WHAT YOU WILL DO >> Output only the lines that run from the line holding "Shimmering authentic Labradorite" to the end of the data below, including both ends, without any pictures.

[STUDY MATERIAL Boundary: Start]

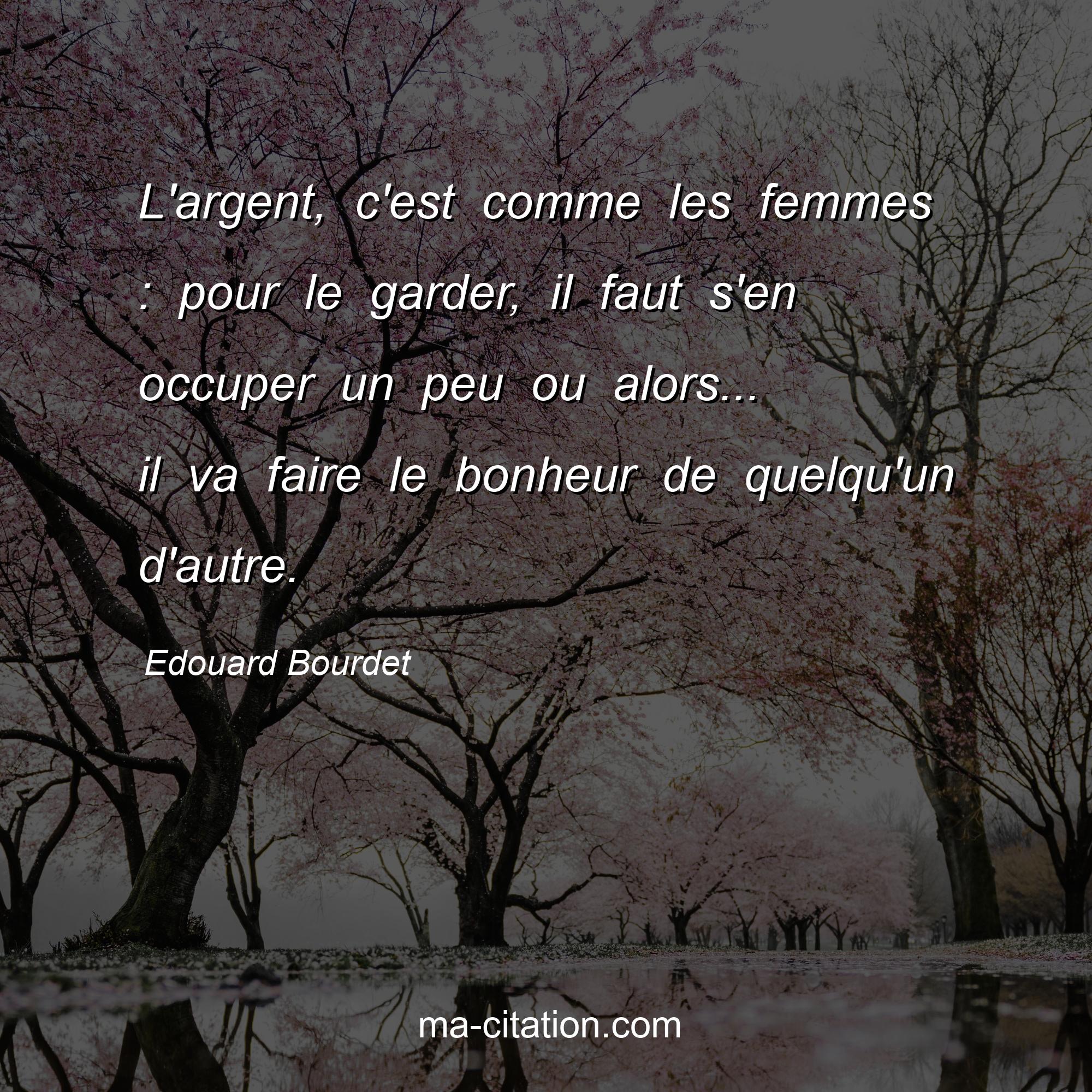 Citation sur la vie d'Edouard Bourdet :L'argent, c'est comme les femmes : pour le garder, il faut s'en occuper un peu ou alors... il va faire le bonheur de quelqu'un d'autre.
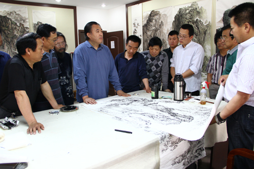 2012年5月9日下午,北京凤凰岭美术馆常务副馆长韩国栋为中国画创作班学员授课,一一点评了学员们的创作作品。
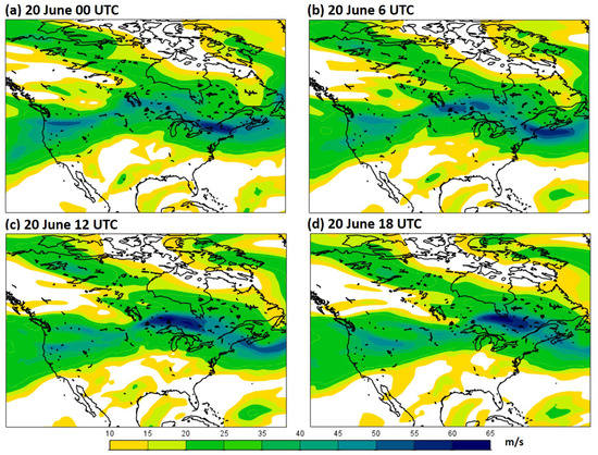 Wind speed (m s−1) contoured at the 250 hPa level from the ERA-5 reanalysis [37] for 20 June 2015. (a) 00 UTC, (b) 06 UTC, (c) 12 UTC, and (d) 18 UTC on 20 June.
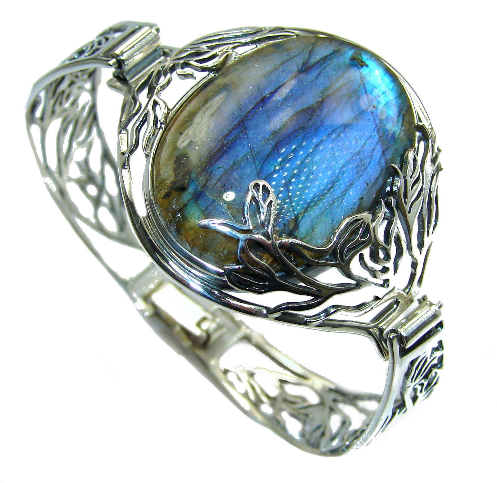 Shimmering authentic Labradorite .925 Sterling Silver handmade Bracelet / Cuff
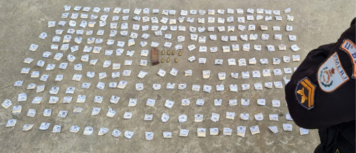Junto com as drogas (mais de 200 unidades), a Polícia Militar também recolheu sete munições e um carregador.
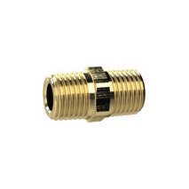 Doppelgewindenippel, R 3/8 a., R 3/8 a., SW 19, Messing, Arbeitsdruck max. 25 bar, Betriebstemp. max. 150 °C.
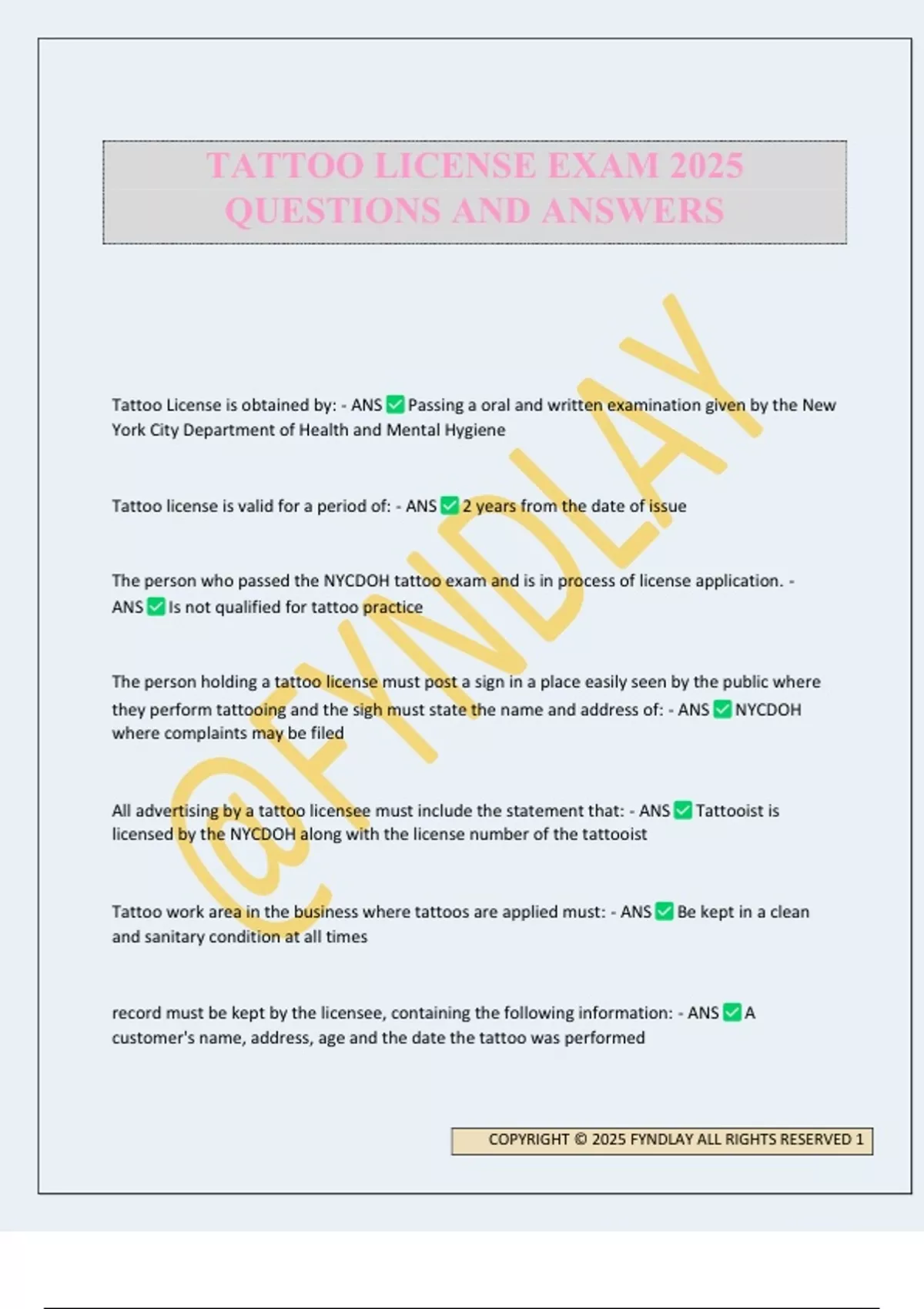 TATTOO LICENSE EXAM 2025 QUESTIONS AND ANSWERS

[STUDY MATERIAL Boundary: End]

ANSWER SECTION >>
 Shimmering authentic Labradorite .925 Sterling Silver handmade Bracelet / Cuff
Junto com as drogas (mais de 200 unidades), a Polícia Militar também recolheu sete munições e um carregador.
 Doppelgewindenippel, R 3/8 a., R 3/8 a., SW 19, Messing, Arbeitsdruck max. 25 bar, Betriebstemp. max. 150 °C.
 TATTOO LICENSE EXAM 2025 QUESTIONS AND ANSWERS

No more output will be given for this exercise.